Barbalho Sandra Maria, Laurindo Lucas Fornari, de Oliveira Zanuso Bárbara, da Silva Rebeca Maria Siqueira, Gallerani Caglioni Lívia, Nunes Junqueira de Moraes Victor Bruno Fonseca, Fornari Laurindo Lívia, Dogani Rodrigues Victória, da Silva Camarinha Oliveira Jéssica, Beluce Maria Eduarda, Penteado Detregiachi Cláudia Rucco, Barbalho Lamas Caroline, Dos Santos Haber Jesselina Francisco, Cavallari Strozze Catharin Virgínia Maria, Quesada Karina, Tanaka Masaru, Valenti Vitor Engrácia
Department of Biochemistry and Pharmacology, School of Medicine, Universidade de Marília (UNIMAR), Marília 17525-902, São Paulo, Brazil.

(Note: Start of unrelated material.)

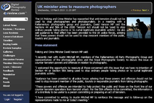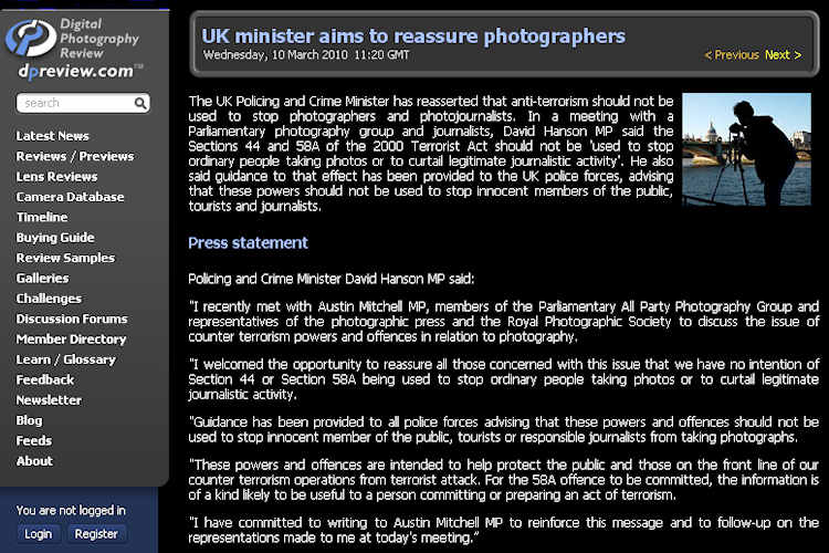 Wie www.dpreview.com kürzlich berichtete, hat der «UK Policing and Crime Minister» bekräftigt, dass das Gesetz gegen den Terrorismus (Sections 44 and 58A of the 2000 Terrorist Act) nicht dazu diene, gewöhnliche Bürger oder Touristen am Fotografieren zu hindern und Pressefotografen sowie Journalisten bei ihrer Arbeit einzuschränken. Entsprechende Richtlinien seien an alle Polizeistellen des Landes geleitet worden.

Postgraduate Program in Structural and Functional Interactions in Rehabilitation, School of Medicine, Universidade de Marília (UNIMAR), Marília 17525-902, São Paulo, Brazil.
Int J Mol Sci. 2025 Jan 8;26(2):484. doi: 10.3390/ijms26020484.
Alzheimer's disease (AD) remains a leading cause of cognitive decline and mortality worldwide, characterized by neurodegeneration, synaptic deficiencies, and neuroinflammation. Despite advancements in early detection, diagnosis, and treatment, AD presents substantial challenges due to its complex pathology, heterogeneity, and the limited efficacy of current therapies. Consequently, there is a pressing need for novel therapeutic agents to target the multifaceted aspects of AD pathology, enhance current treatments, and minimize adverse effects. AdipoRon, an adiponectin receptor agonist, has garnered interest for its potential neuroprotective effects, including reducing neuroinflammation, improving mitochondrial function, and mitigating tau hyperphosphorylation. This review aimed to evaluate the effects of AdipoRon-based adiponectin replacement therapy against AD, using a comprehensive approach grounded in the PICO framework-Population, Intervention, Comparison, and Outcomes. A total of six studies were reviewed, including in vitro and in vivo investigations examining AdipoRon's impact on various AD models. These studies involved different cell lines and transgenic mouse models, assessing various outcomes such as cognitive function, neuroinflammation, tau phosphorylation, synaptic deficiencies, and relevant molecular pathways. By synthesizing data from these studies, our review thoroughly explains AdipoRon's neuroprotective effects, mechanisms of action, and potential as a therapeutic agent for AD. This analysis aims to highlight the current state of knowledge, identify gaps in the research, and suggest directions for future studies and clinical applications.
阿尔茨海默病(AD)仍然是全球认知功能衰退和死亡的主要原因,其特征为神经退行性变、突触缺陷和神经炎症。尽管在早期检测、诊断和治疗方面取得了进展,但由于其复杂的病理学、异质性以及当前疗法疗效有限,AD仍然面临重大挑战。因此,迫切需要新型治疗药物来针对AD病理学的多方面因素,增强现有治疗效果,并尽量减少不良反应。脂联素受体激动剂AdipoRon因其潜在的神经保护作用而受到关注,包括减轻神经炎症、改善线粒体功能以及减轻tau蛋白过度磷酸化。本综述旨在采用基于PICO框架(人群、干预措施、对照和结局)的综合方法,评估基于AdipoRon的脂联素替代疗法对AD的影响。共综述了六项研究,包括体外和体内研究,考察AdipoRon对各种AD模型的影响。这些研究涉及不同的细胞系和转基因小鼠模型,评估了各种结局,如认知功能、神经炎症、tau蛋白磷酸化、突触缺陷以及相关分子途径。通过综合这些研究的数据,我们的综述全面解释了AdipoRon的神经保护作用、作用机制以及作为AD治疗药物的潜力。本分析旨在突出当前的知识状态,识别研究中的差距,并为未来的研究和临床应用提出方向。